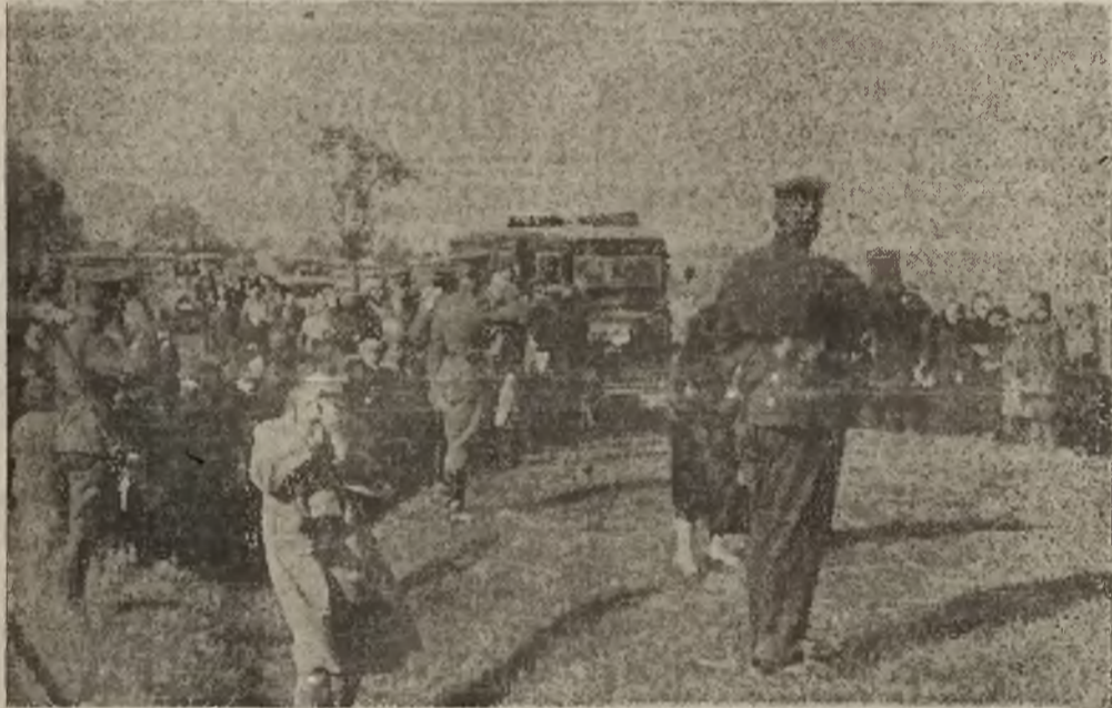
Po stronie litewskiej na chwilę przed przekroczeniem granicy. Orkiestra już gra hymn narodowy, policja i wojskowi Litwcy salutują.

W dolnym kościele trumnę ustawiono na katafalku. U nóg na podjum małym złożono dwie trumienki. Rozpoczęło się nabożeństwo.
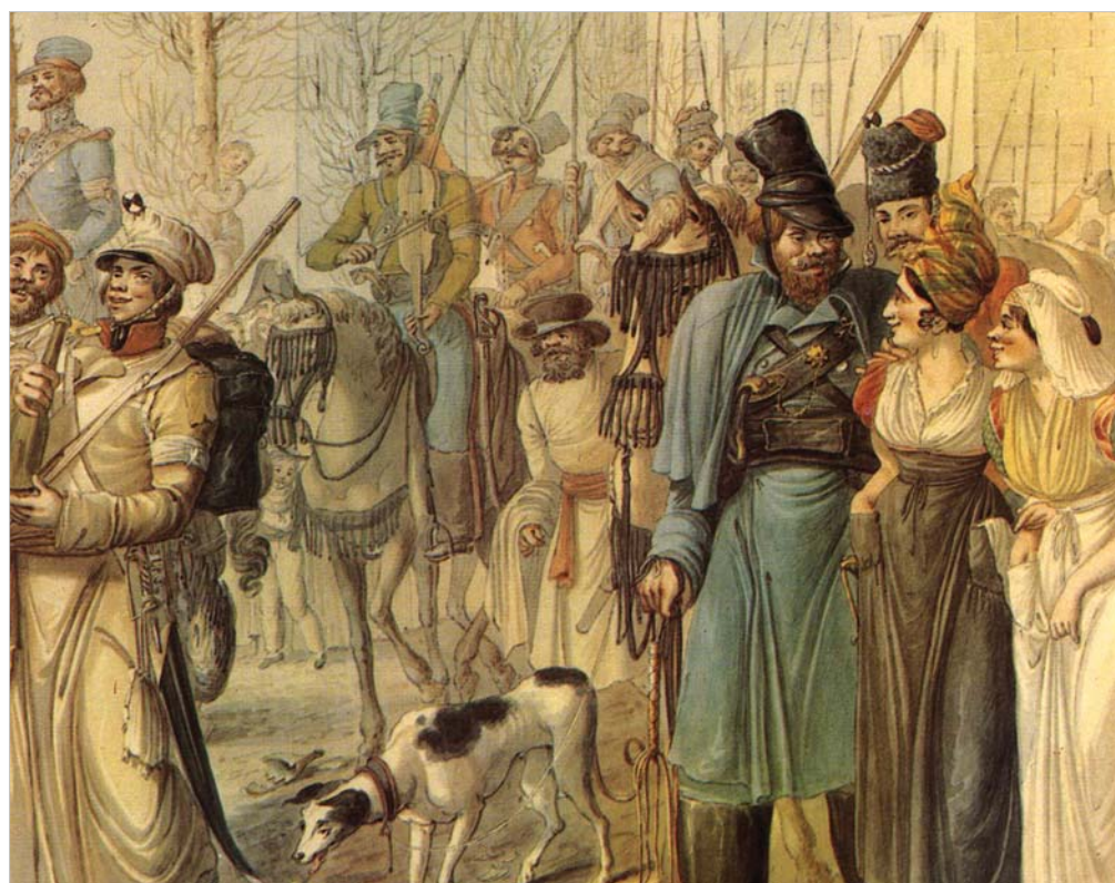
«Казачи проходят через город». Из серии акварельных рисунков Г. Э. Опича «Казачи в Париже в 1814 г.» Из частного собрания
______________________________
**TASK GOAL**
Give back the full listing exactly, with pictures dropped.

**WRITTEN SOLUTION**
Po stronie litewskiej na chwilę przed przekroczeniem granicy. Orkiestra już gra hymn narodowy, policja i wojskowi Litwcy salutują.

W dolnym kościele trumnę ustawiono na katafalku. U nóg na podjum małym złożono dwie trumienki. Rozpoczęło się nabożeństwo.
«Казачи проходят через город». Из серии акварельных рисунков Г. Э. Опича «Казачи в Париже в 1814 г.» Из частного собрания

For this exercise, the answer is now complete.